In my heart, I can easily become proud, foolishly believing that I know the right or best way to be or to think, and my striving for perfection is closely linked to my propensity for doing and my tendency towards trying to control not only myself but also those around me and my environment. However, as I live in a fallen world, am myself sinful, and am also surrounded by other sinful people, I obviously constantly find myself and others falling dismally short in various areas of life. When I or others inevitably fall short of the “right” or “fair” or “perfect thing”, I often find myself inwardly struggling with feeling angry and anxious, and becoming judgmental and critical. Clearly I am not loving Jesus or others well in my heart if these are my inward responses.

My initial inclination, upon recognizing this sin in my heart, is to want to just try to do better—yet ultimately this is just another way of me trying to move more towards rightness by my own strength, and of running towards what is “right” instead of running toward Jesus. Loving Jesus and running after him will help me to continue to want to live rightly, but my heart in doing so will be different. Rather than becoming caught up in my own strivings for rightness, I want and need the Holy Spirit to continue to help me see and know and understand and experience the glory of who Jesus is, and the grace and life that he has lavished so freely upon me and all believers.
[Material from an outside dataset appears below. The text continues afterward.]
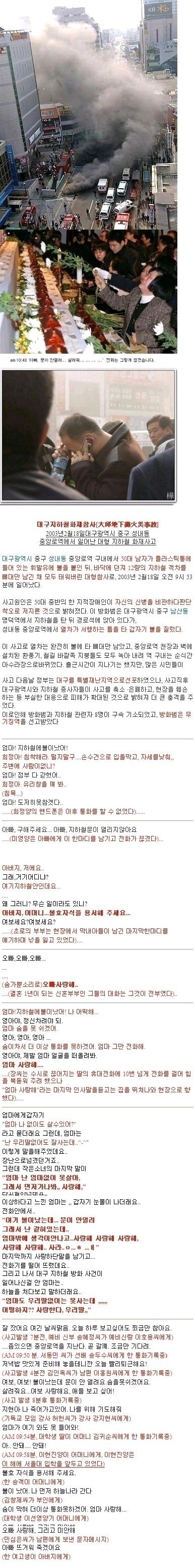 대구 지하철 화재 당시 가슴저미는 마지막 통화,문자 내용들

2:1 And you were dead in the trespasses and sins…4 But God, being rich in mercy, because of the great love with which he loved us, 5 even when we were dead in our trespasses, made us alive together with Christ—by grace you have been saved— 6 and raised us up with him and seated us with him in the heavenly places in Christ Jesus, 7 so that in the coming ages he might show the immeasurable riches of his grace in kindness toward us in Christ Jesus. 8 For by grace you have been saved through faith. And this is not your own doing; it is the gift of God, 9 not a result of works, so that no one may boast. 10 For we are his workmanship, created in Christ Jesus for good works, which God prepared beforehand, that we should walk in them.

Ephesians 2:1, 4-10 (ESV)

It was far from right or fair that Jesus died me—for I could never do enough right to earn this sacrifice. Yet he chose to sacrifice himself for me, and poured grace and love upon me even though I was far from deserving. And if the Holy Spirit continues to grow my understanding the extent of his love and grace, how can my heart help but respond by being deeply humbled, unspeakably grateful, and filled with the worship and praise of Jesus? And how can my heart and my ensuing actions not be motivated increasingly by loving Jesus in response to his love, and then loving others as an overflow?

Even as I grow in resting in the grace received in Jesus, I imagine I will always care about what is right, and I hope that this passion, when redeemed, will even contribute to me faithfully accomplishing the “good works” that God has prepared for me to do. But I think I will begin to care about rightness in a different sort of way that is filled with more love and grace in my response to others rather than being motivated by a heart solely fixated on rightness itself. I pray that the Holy Spirit may continue to grow me in resting in the grace I have received from Jesus, and that from this place I may then grow in loving Jesus, my family, and others with a genuinely gracious and loving heart.